Frequent missions, in particular to ESRIN, Frascati (Italy), are required.
A Master's degree in engineering is required.
You should have 10 years’ experience in Information Protection Management, Personnel Security Management and CIS Security Management (e.g. ISO 27000 series) as well as all related best practices in those areas, including security risk management. Having the related certifications (e.g. CISSP, CPP, ISO) will be considered an asset.
You should be able to apply recognised techniques such as OCTAVE, SABSA, MEHARI and EBIOS, and conduct or coordinate threat assessment/risk analysis exercises on complex systems.
You should have experience of working on Classified projects or programmes and in Classified environments.
Being knowledgeable about the Agency and its internal rules, regulations and working practices as well as having general knowledge of physical security related matters (e.g. accreditation of facilities, security zoning) will be considered an asset.
You should be eligible to obtain Personnel Security Clearance at SECRET level, issued by your parent National Security Authority.
At the end of your probation period, you will be required to pass a dedicated suitability test set by the ESA Security Office.
For behavioural competencies expected from ESA staff in general, please refer to the ESA Competency Framework.
The working languages of the Agency are English and French. A good knowledge of one of these is required. Knowledge of another Member State language would be an asset.
The Agency may require applicants to undergo selection tests.

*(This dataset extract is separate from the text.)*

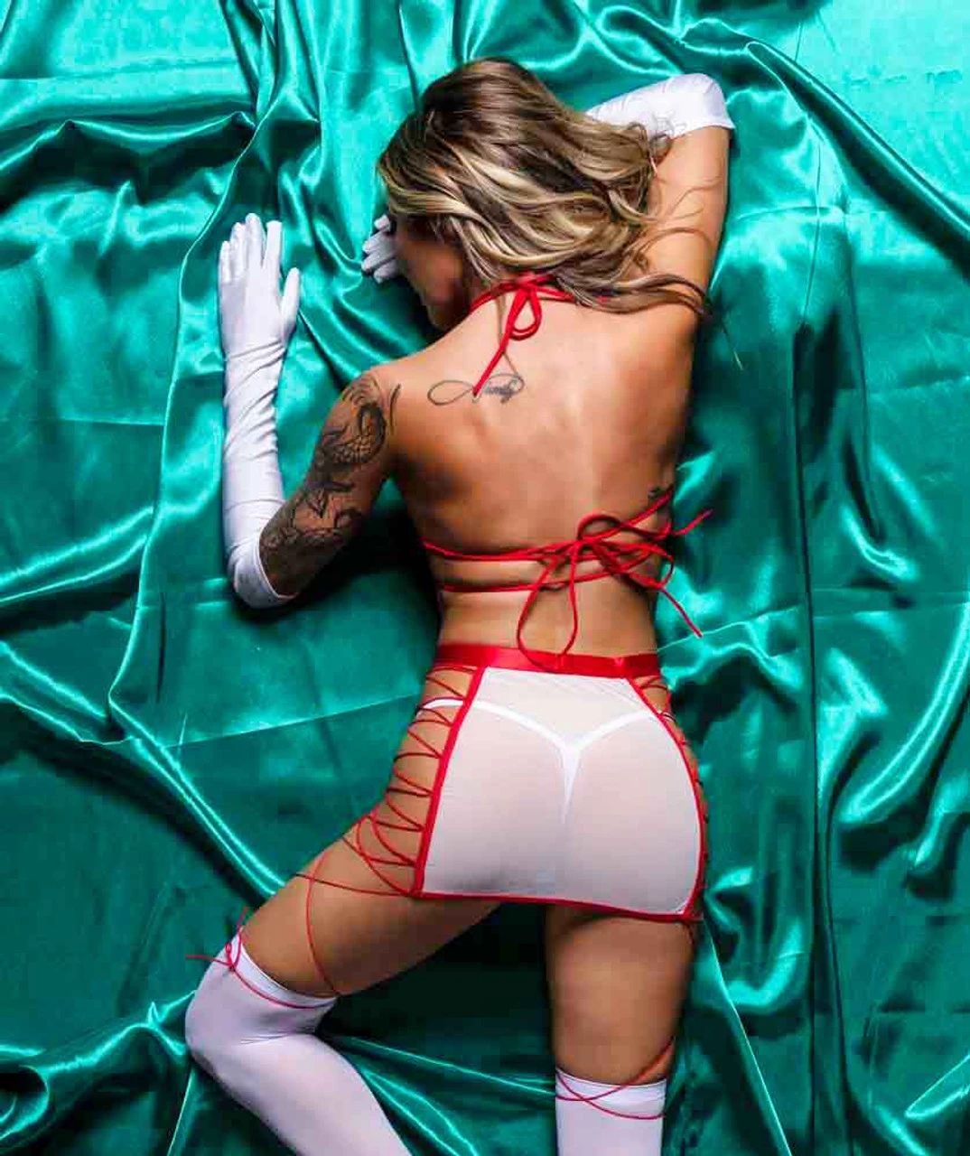 5 PC Naughty Nurse set includes: 1 cross top, 1 mesh skirt with strappy detail, 1 thong, 1 pair of gloves, and 1 pair of thigh high stockings.

At the Agency we value diversity and we welcome people with disabilities. Whenever possible, we seek to accommodate individuals with disabilities by providing the necessary support at the workplace. The Human Resources Department can also provide assistance during the recruitment process. If you would like to discuss this further please contact us email email@example.com.
Please note that applications are only considered from nationals of one of the following States: Austria, Belgium, the Czech Republic, Denmark, Estonia, Finland, France, Germany, Greece, Hungary, Ireland, Italy, Luxembourg, the Netherlands, Norway, Poland, Portugal, Romania, Spain, Sweden, Switzerland, the United Kingdom and Canada, Latvia and Slovenia.
According to the ESA Convention the recruitment of staff must take into account an adequate distribution of posts among nationals of the ESA Member States. When short-listing for an interview, priority will first be given to internal candidates and secondly to external candidates from under-represented Member States. (https://esamultimedia.esa.int/docs/careers/NationalityTargets.pdf)
In accordance with the European Space Agency’s security procedures and as part of the selection process, successful candidates will be required to undergo basic screening before appointment.
Recruitment will normally be at the first grade in the band (A2); however, if the candidate selected has little or no experience, the position may be filled at A1 level.